= Data extract =
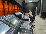 7月14日,记者在延边工人文化宫看到,工作人员正在加紧调试灯光、音响、舞台机械等设备。“延边工人文化宫项目已于5月30日交付使用。目前正进行灯光、音响、屏幕、舞
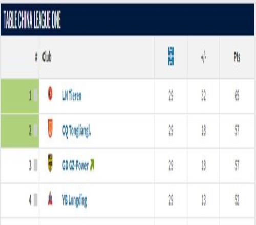 在即时积分榜上,广州豹以60分排名第二位,而重庆铜梁龙以58分排名第三位。
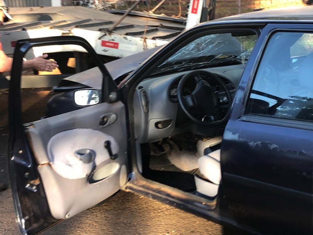 A mulher perdeu o controle do veículo e bateu na traseira do caminhão prancha, sendo que o Fiesta praticamente ficou cravado no caminhão prancha.
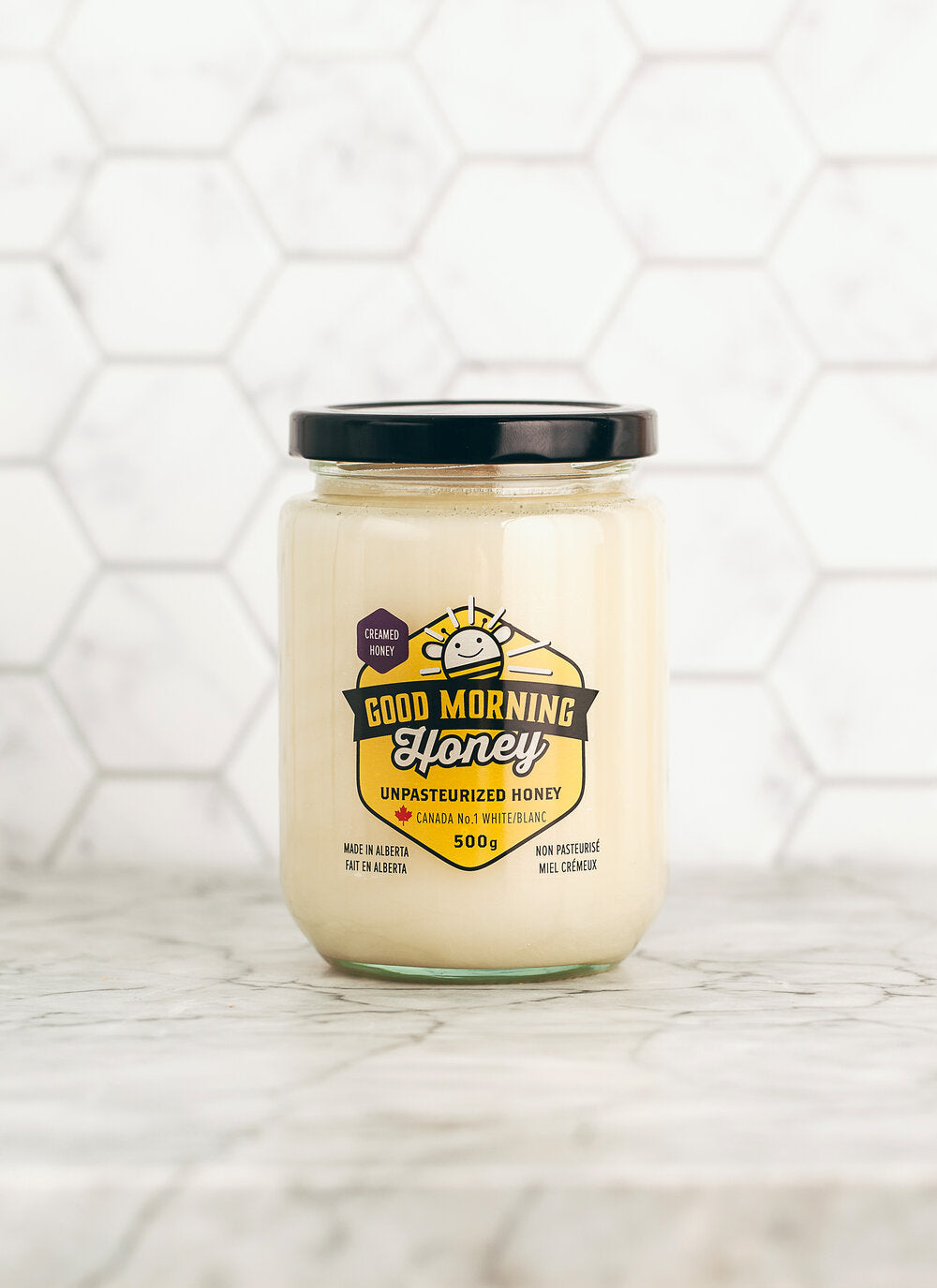 Beautiful creamed honey, produced by bees in the Parkland County. This creamed honey is pure and unpasteurized.

= Exercise details =
With the pictures excluded, restate word for word each line from the one that contains "在即时积分榜上,广州豹以60分排名第二位,而重庆铜梁龙以58分排名第三位。" through the last line of the listing above.

= Answer to the problem =
 在即时积分榜上,广州豹以60分排名第二位,而重庆铜梁龙以58分排名第三位。
 A mulher perdeu o controle do veículo e bateu na traseira do caminhão prancha, sendo que o Fiesta praticamente ficou cravado no caminhão prancha.
 Beautiful creamed honey, produced by bees in the Parkland County. This creamed honey is pure and unpasteurized.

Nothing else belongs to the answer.